| Task to carry out |
The full text of the records below, minus any pictures, should be given back word for word.

Data excerpts
= = =
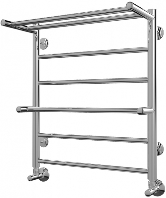 Водяной полотенцесушитель Terminus Анкона П6 500x591 4670030723093 с полкой, с нижним подключением. Для производства полотенцесушителя используется только высококачественная нержавеющая сталь марки AISI 304L с высоким содержанием легирующих элементов, Ni и Cr, это позволяет изделиям сохранять стойкость к агрессивным коррозийным средам, что существенно продлевает срок их эксплуатации. Толщина стенки используемой трубы не менее 2 мм, это обеспечивает 10-ти кратный запас прочности, труба устойчива к резким перепадам давления в системе водоснабжения!
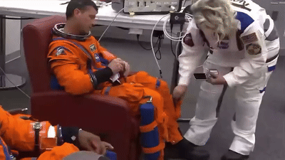 放置环节,宇航员在升空后可以正常使用 iPhone,且 iPhone 与宇航服系统没有任何技术连接。只是为了在发射和返回地球期间能便利存放,宇航员需要将 iPhone 放置在橙色猎户座生存服的储物袋中。
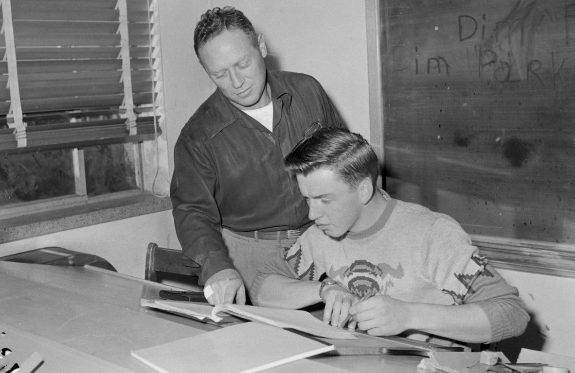 A student is seated at a desk while the teacher stands next to him pointing at something in a book.
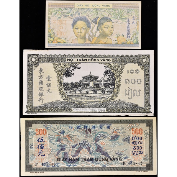 - FRENCH INDOCHINA Lot (3) - 1 piastre, 100 piastres type “orange” et 500 piastres type “gris-vert” ND (1942/1945).
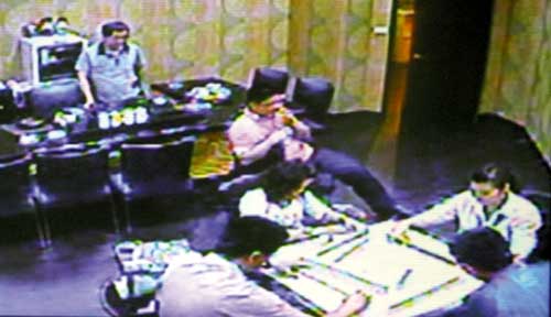 臺(tái)中角頭翁奇楠命案槍擊現(xiàn)場(chǎng)泡茶室曝光,臺(tái)中市警方昨晚公布錄像畫面,圖為事發(fā)五日前,臺(tái)中市警偵查佐戴志宏(右下角、著藍(lán)衣)正與另三人打麻將。
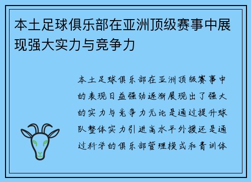 本土足球俱乐部在亚洲顶级赛事中展现强大实力与竞争力
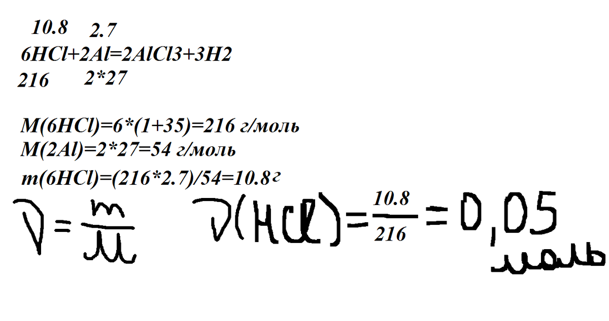 у реакцію з хлоридною кислотою вступив алюміній масою 2,7 г. обчисліть кількість речовини хлоридної кислоти, що вступила в реакцію
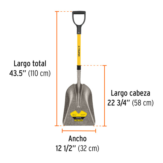 Proveedor:TruperPala carbonera Tru Pro, puño 'Y', mango de fibra de vidrio Caja con 3, 17153Cabeza de acero al carbono Mango fabricado en fibra de vidrio con puño "Y" plástico Ensamble con casquillo crimpado
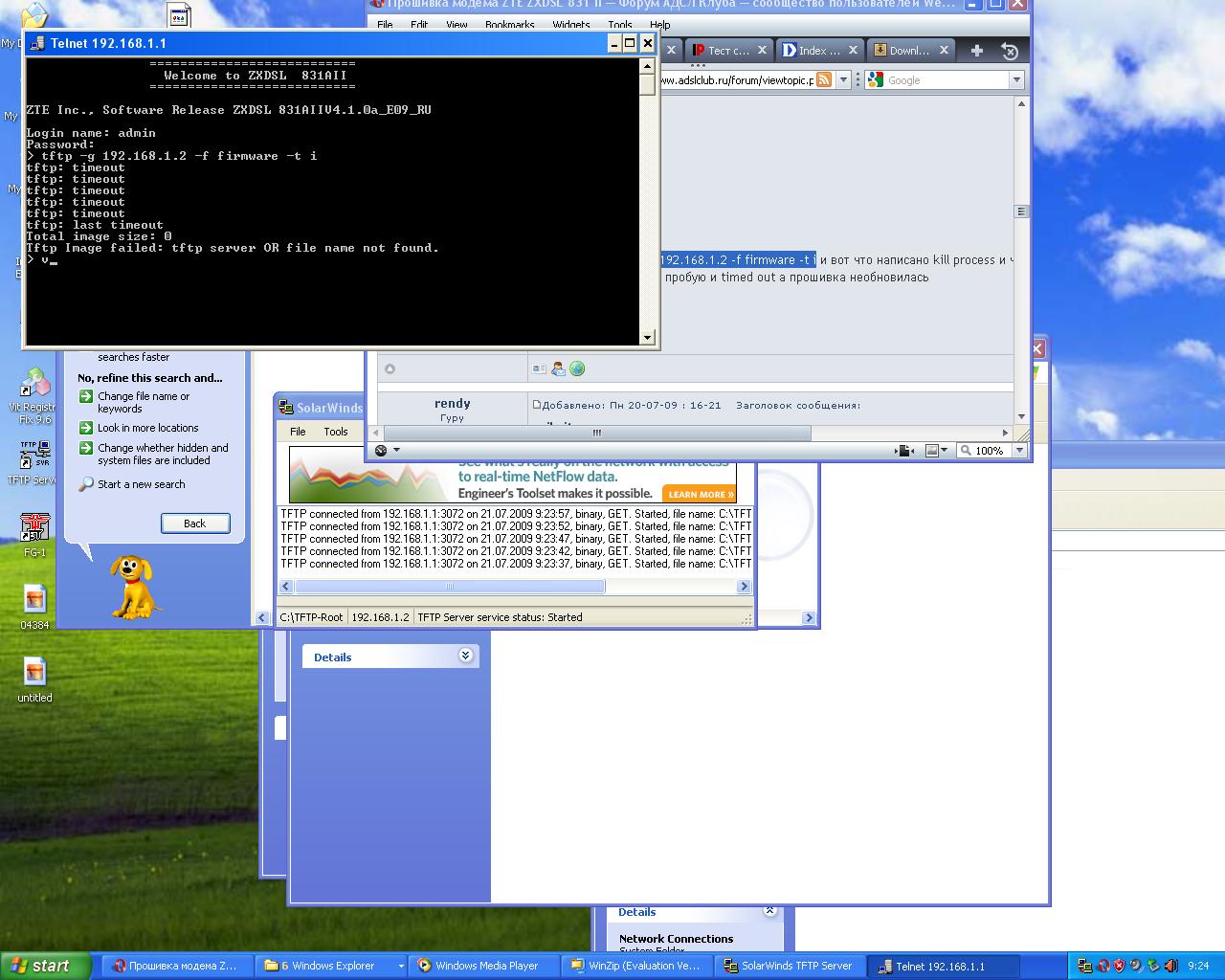 Пробывал так tftp -g 192.168.1.2 -f firmware -t i и вот что написано kill process и чтото дальше потом модем перезагрузился снова пробую и timed out а прошивка необновилась |
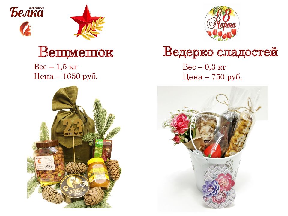 Вещмешок Вес – 1,5 кг Цена – 1650 руб. Ведерко сладостей Вес – 0,3 кг Цена – 7 50 руб.
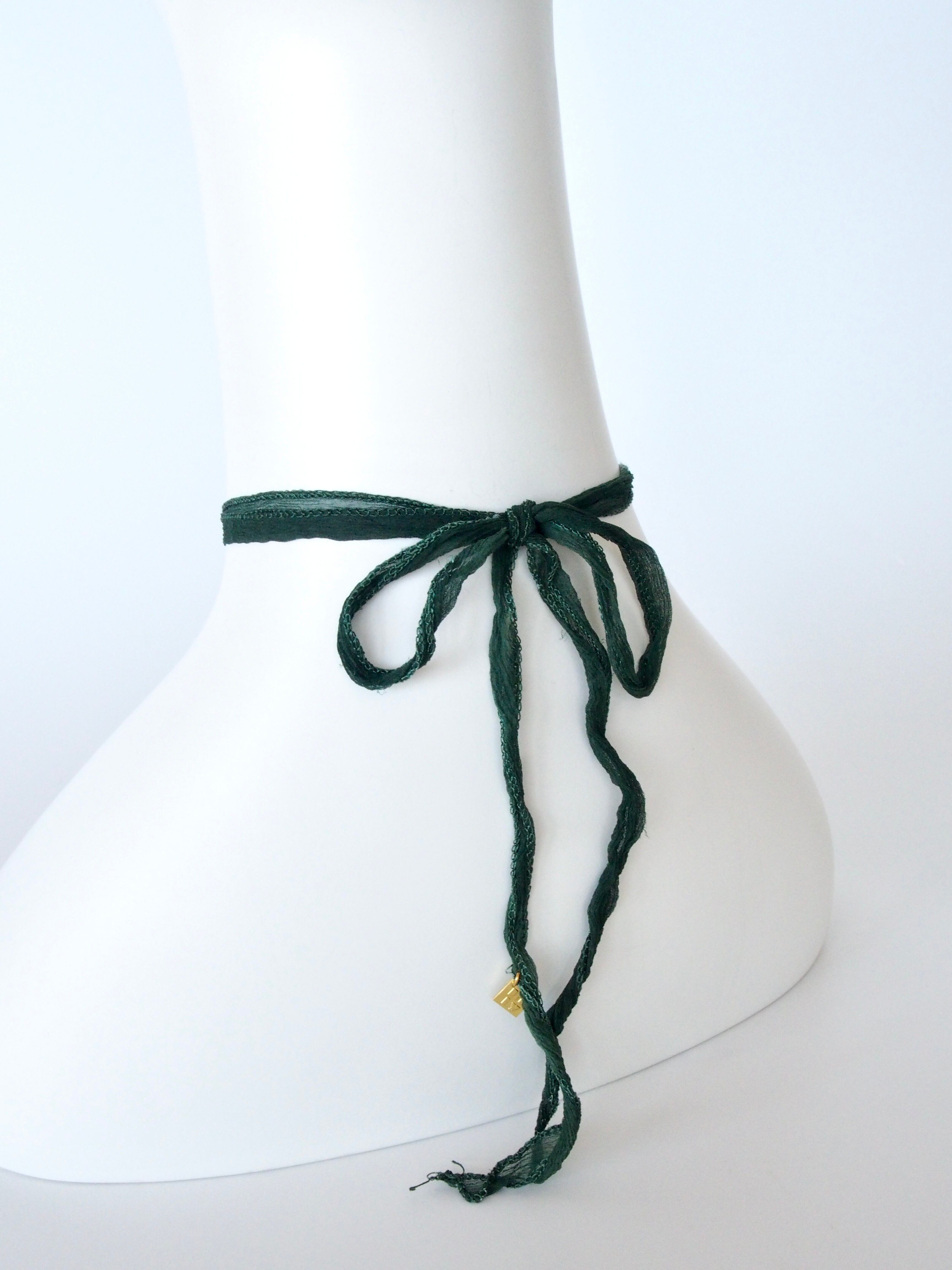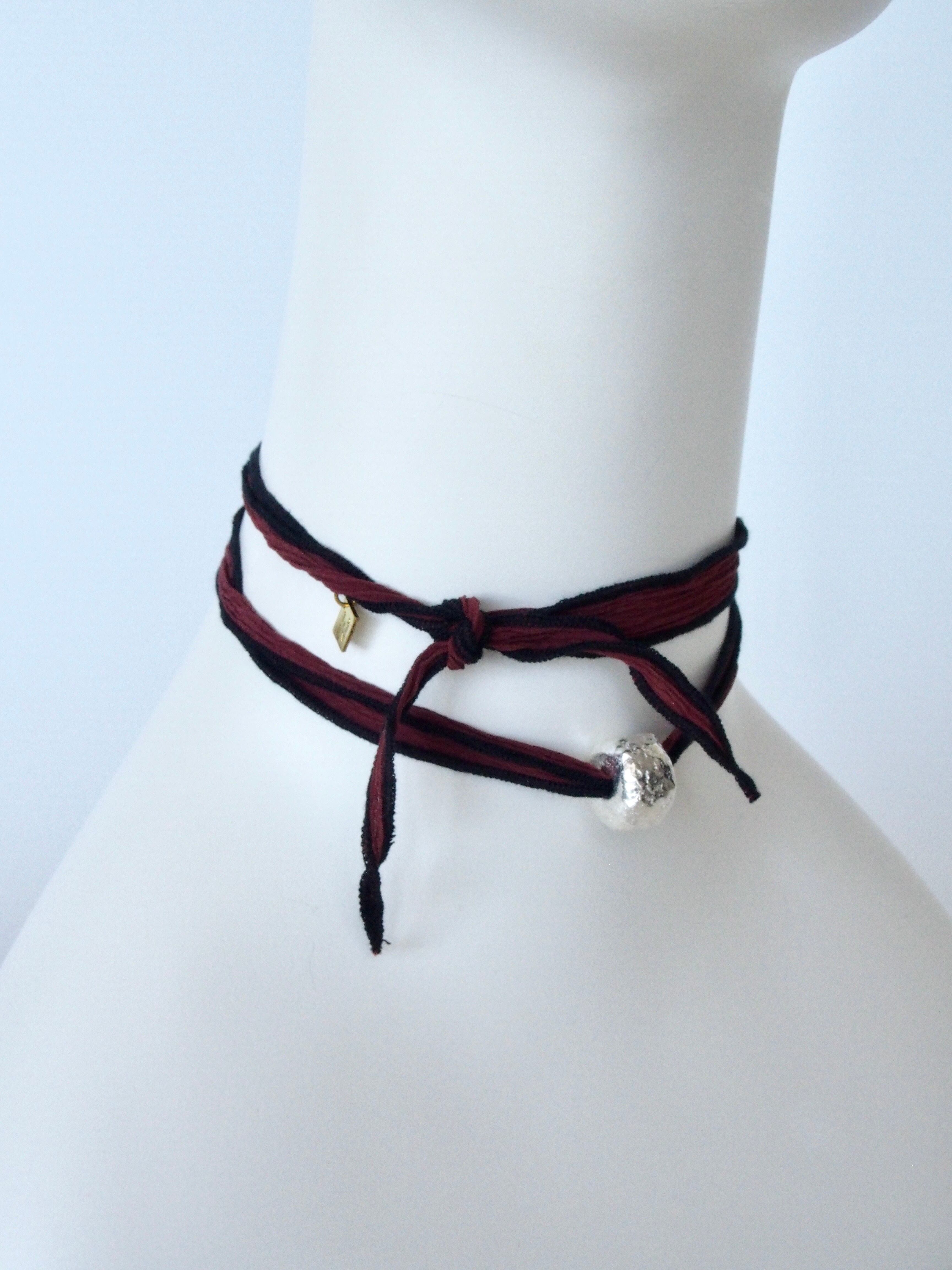 肌に優しいシルクシフォン生地のチョーカーを作りました。
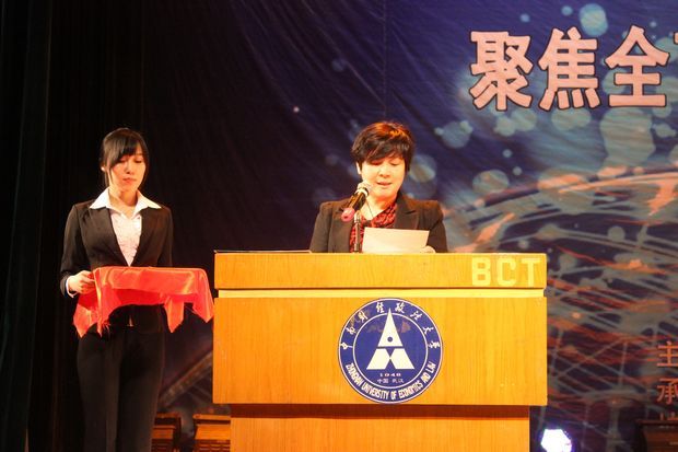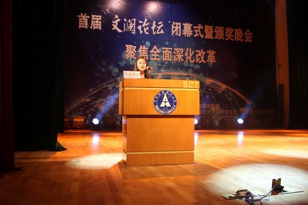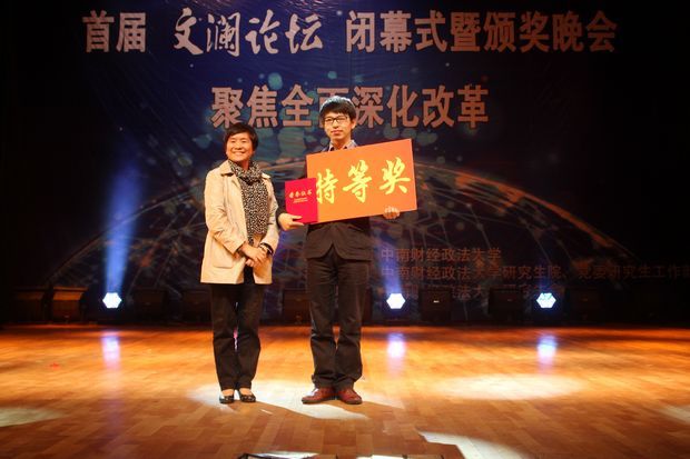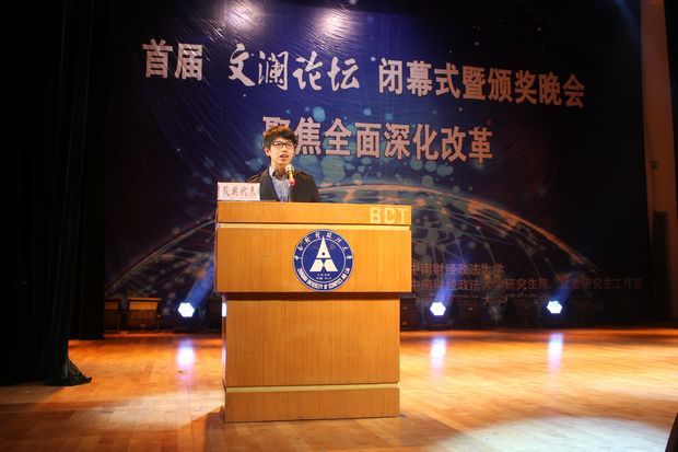 4月26日晚上7时,“文澜论坛”闭幕式暨颁奖晚会在我校大学生艺术体育活动中心音乐厅举行。副校长陈小君教授,学校各二级单位及职能部门负责人,“文澜论坛”评审委员会专家代表、70位参会代表、各研究生培养单位党委书记、分管研究生教育工作的院长、副院长,研究生院、研工部各副院长、副部长,各学院(中心)研究生工作办公室老师列席闭幕式,校研究生工作部副部长笪宁主持闭幕式?!拔睦铰厶场逼郎笪被嶂魅卫钚∑浇淌诰臀睦铰厶成蟾迩榭鼋辛俗芙岱⒀浴3滦【毙3?、研究生院唐国平常务副院长、党委研究生工作部周佳玲部长为35位获奖代表及优秀组织奖颁奖,特等奖获得者郗希作为获奖代表发言。在我校研究生会主席吴妍诗雨同学发言后,我校副校长陈小君教授为本届文澜论坛致闭幕辞。陈小君副校长认为本次论坛“是一场促进交流,强化学习,催人奋进的学术盛宴,是一场解放思想,继往开来,再创辉煌的思想盛会”。总结和运用好本次论坛的经验,对于今后稳步推进论坛建设具有重要的积极意义。至此,中南财经政法大学首届“文澜论坛”圆满落幕。
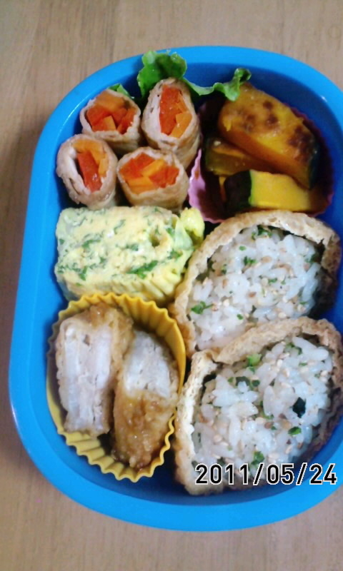 若菜と小魚おにぎり、空豆とミニトマト、かぼちゃサラダ、鮪の竜田揚げ、かにかまチーズ春巻き
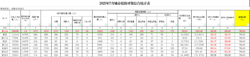 黄山市城市低保2025年7月统计表(分区县)
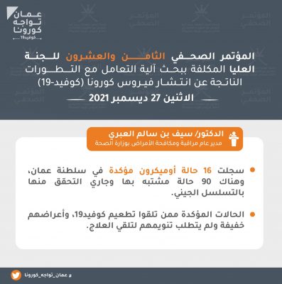 وهج الخليج-مسقط صرح الدكتور سيف بن سالم العبري أن السلطنة سجلت 16 حالة أوميكرون مؤكدة في سلطنة عمان، وهناك 90 حالة مشتبه بها وجاري التحقق منها بالتسلسل الجيني"
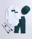 BUMZEE Boys Party(Festive) Bodysuit Pant, Suspenders, Cap (Bottle Green & White)
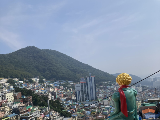 甘川文化村は釜山市内から電車とバスで行ったところにある郊外の街です。ここはカラフルな家々が山肌に連なる様子がSNSなどで注目され、「韓国のマチュピチュ」とも呼ばれ人気の観光スポットです。元々は朝鮮戦争時に北朝鮮から逃げてきた人が暮らしていた集落でしたが、2009年より街おこしで路上アートなどを置くようになったことで注目されるようになりました。見どころは色鮮やかな街全体の様子を見渡せるハヌルマルの屋上展望台です。そのほかにも絵本「星の王子さま」のオブジェや人のシルエットに甘川文化村の街の一部を描いた「人形のオブジェ」などたくさんのアートが街中にあります。
= = =
| Written reply |
 Водяной полотенцесушитель Terminus Анкона П6 500x591 4670030723093 с полкой, с нижним подключением. Для производства полотенцесушителя используется только высококачественная нержавеющая сталь марки AISI 304L с высоким содержанием легирующих элементов, Ni и Cr, это позволяет изделиям сохранять стойкость к агрессивным коррозийным средам, что существенно продлевает срок их эксплуатации. Толщина стенки используемой трубы не менее 2 мм, это обеспечивает 10-ти кратный запас прочности, труба устойчива к резким перепадам давления в системе водоснабжения!
 放置环节,宇航员在升空后可以正常使用 iPhone,且 iPhone 与宇航服系统没有任何技术连接。只是为了在发射和返回地球期间能便利存放,宇航员需要将 iPhone 放置在橙色猎户座生存服的储物袋中。
 A student is seated at a desk while the teacher stands next to him pointing at something in a book.
 - FRENCH INDOCHINA Lot (3) - 1 piastre, 100 piastres type “orange” et 500 piastres type “gris-vert” ND (1942/1945).
 臺(tái)中角頭翁奇楠命案槍擊現(xiàn)場(chǎng)泡茶室曝光,臺(tái)中市警方昨晚公布錄像畫面,圖為事發(fā)五日前,臺(tái)中市警偵查佐戴志宏(右下角、著藍(lán)衣)正與另三人打麻將。
 本土足球俱乐部在亚洲顶级赛事中展现强大实力与竞争力
 у реакцію з хлоридною кислотою вступив алюміній масою 2,7 г. обчисліть кількість речовини хлоридної кислоти, що вступила в реакцію
 Proveedor:TruperPala carbonera Tru Pro, puño 'Y', mango de fibra de vidrio Caja con 3, 17153Cabeza de acero al carbono Mango fabricado en fibra de vidrio con puño "Y" plástico Ensamble con casquillo crimpado
 Пробывал так tftp -g 192.168.1.2 -f firmware -t i и вот что написано kill process и чтото дальше потом модем перезагрузился снова пробую и timed out а прошивка необновилась |
 Вещмешок Вес – 1,5 кг Цена – 1650 руб. Ведерко сладостей Вес – 0,3 кг Цена – 7 50 руб.
 肌に優しいシルクシフォン生地のチョーカーを作りました。
 4月26日晚上7时,“文澜论坛”闭幕式暨颁奖晚会在我校大学生艺术体育活动中心音乐厅举行。副校长陈小君教授,学校各二级单位及职能部门负责人,“文澜论坛”评审委员会专家代表、70位参会代表、各研究生培养单位党委书记、分管研究生教育工作的院长、副院长,研究生院、研工部各副院长、副部长,各学院(中心)研究生工作办公室老师列席闭幕式,校研究生工作部副部长笪宁主持闭幕式?!拔睦铰厶场逼郎笪被嶂魅卫钚∑浇淌诰臀睦铰厶成蟾迩榭鼋辛俗芙岱⒀浴3滦【毙3?、研究生院唐国平常务副院长、党委研究生工作部周佳玲部长为35位获奖代表及优秀组织奖颁奖,特等奖获得者郗希作为获奖代表发言。在我校研究生会主席吴妍诗雨同学发言后,我校副校长陈小君教授为本届文澜论坛致闭幕辞。陈小君副校长认为本次论坛“是一场促进交流,强化学习,催人奋进的学术盛宴,是一场解放思想,继往开来,再创辉煌的思想盛会”。总结和运用好本次论坛的经验,对于今后稳步推进论坛建设具有重要的积极意义。至此,中南财经政法大学首届“文澜论坛”圆满落幕。
 若菜と小魚おにぎり、空豆とミニトマト、かぼちゃサラダ、鮪の竜田揚げ、かにかまチーズ春巻き
 黄山市城市低保2025年7月统计表(分区县)
 وهج الخليج-مسقط صرح الدكتور سيف بن سالم العبري أن السلطنة سجلت 16 حالة أوميكرون مؤكدة في سلطنة عمان، وهناك 90 حالة مشتبه بها وجاري التحقق منها بالتسلسل الجيني"
 BUMZEE Boys Party(Festive) Bodysuit Pant, Suspenders, Cap (Bottle Green & White)
 甘川文化村は釜山市内から電車とバスで行ったところにある郊外の街です。ここはカラフルな家々が山肌に連なる様子がSNSなどで注目され、「韓国のマチュピチュ」とも呼ばれ人気の観光スポットです。元々は朝鮮戦争時に北朝鮮から逃げてきた人が暮らしていた集落でしたが、2009年より街おこしで路上アートなどを置くようになったことで注目されるようになりました。見どころは色鮮やかな街全体の様子を見渡せるハヌルマルの屋上展望台です。そのほかにも絵本「星の王子さま」のオブジェや人のシルエットに甘川文化村の街の一部を描いた「人形のオブジェ」などたくさんのアートが街中にあります。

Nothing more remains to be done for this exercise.